Пока Лида мешкала, подбирая новый объект, Женя, не мелочась, уронила с потолка в углу здоровенный кусок штукатурки. Правда, он давно откололся и держался лишь на тонком слое краски.
Теперь Игорь. Его цель — старый, много раз склеенный стул, на который все боятся садиться. Интересно, что скажет Нина Анфилофьевна, когда узнает, что мы разгромили весь кабинет?
Осечка! Стулу хоть бы что. А ведь Игорь бил сильно — все почувствовали! Игорь страшно краснеет. Преподавательница не даёт ему второй попытки: предлагает сразу найти ошибку. Ищем сообща, стараясь не обидеть Игоря, а поддержать его. Ей быстро надоедает нас слушать.
— Думаете, я расколола стекло? Нужно слишком много грубой силы. Нет, я вскипятила воду. Ищите слабое место. Все усилия направляем на слабое место! Понимаем?
Забавно! Железная тётка казалась такой самостоятельной. А она подражает начальнику. И в чём? Всего лишь в манере говорить.
— А если бы стакан был вообще без воды?
— Пузырёк воздуха в стекле можно тоже нагреть…
Стул с тихим стуком медленно разваливается и оседает на пол.
— Клей, — сообщает Игорь. — Старый, засохший клей. Ещё немного подсушил…
Лида, не мудрствуя лукаво, отрывает тем же манером полоску бумаги от оконного стекла.
— А теперь: вишудха, анахата, манипура, — говорит преподавательница. — Что будет с целью?
— Сердце — любовь…
— Цель полюбит меня, хи-хи…
— Цель притянется.
— Разбитое склеится… Вместо разрушения — созидание.
— Произойдёт желаемое, цель будет достигнута!
И снова мы азартно режем пространство незримыми лучами…

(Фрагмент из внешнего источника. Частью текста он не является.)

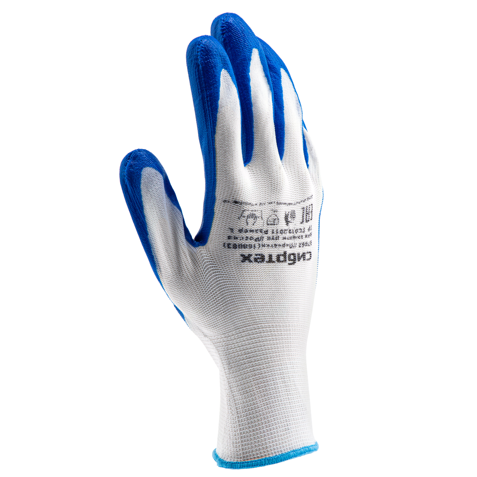 Шт перчатки полиэфирные с синим нитрильным покрытием, размер l, 15 класс вязки сибртех. Бренд: Сибртех Материал основы: полиэфир Обливные: Нет Цвет: белый Страна производства: Россия Длина, мм: 240 Ширина в упаковке, мм: 130 Вес (брутто), кг: 0.04 Перчатки: 1 пара Полиэфирные перчатки Сибртех 67862 с синим нитрильным покрытием, 15 класса вязки, размера L, предназначены для выполнения хозяйственных, ремонтных, строительных и автослесарных работ, в том числе предполагающих контакт с агрессивными веществами. Покрытие из нитрила защищает кожу рук от попадания бензина, масла или краски, а также от влаги и загрязнений. Плотная пряжа предохраняет ладони от царапин, ссадин, порезов и мозолей. Перчатки будут полезны дома, в гараже или на даче. Преимущества Долговечность — перчатки изготовлены из полиэфирной пряжи, обладающей высокой прочностью на разрыв и устойчивостью к истиранию. Эффективное выполнение точных работ — тонкое полотно обеспечивает тактильную чувствительность пальцев. Надежный хват — нитрильное покрытие не скользит по поверхности инструмента. Плотная посадка — эластичные манжеты надежно фиксируются на запястьях, поэтому перчатки не сползают с кистей рук. Гипоаллергенность — материал перчаток безопасен для здоровья. Комфортная работа — трикотажная ткань приятна на ощупь и обеспечивает хороший воздухообмен, благодаря чему кожа рук дышит и не потеет.  развернуть описание ▼

А вечером в свободное время пробуем проделать то же самое самостоятельно. Ничего не выходит! Разве что у Игоря, но он — не с нами. Вот каким мощным полем Маргарита Андреевна накрыла нас во время занятия!
Единственное, чему вовсе не уделялось внимания в нашей подготовке, — провидение. Меня вроде бы проверяли на провидение при отборе в Школу — когда поднимали среди ночи. И ещё раз то же самое проделал наш главный психиатр и гипнотизёр Михаил Маркович уже осенью.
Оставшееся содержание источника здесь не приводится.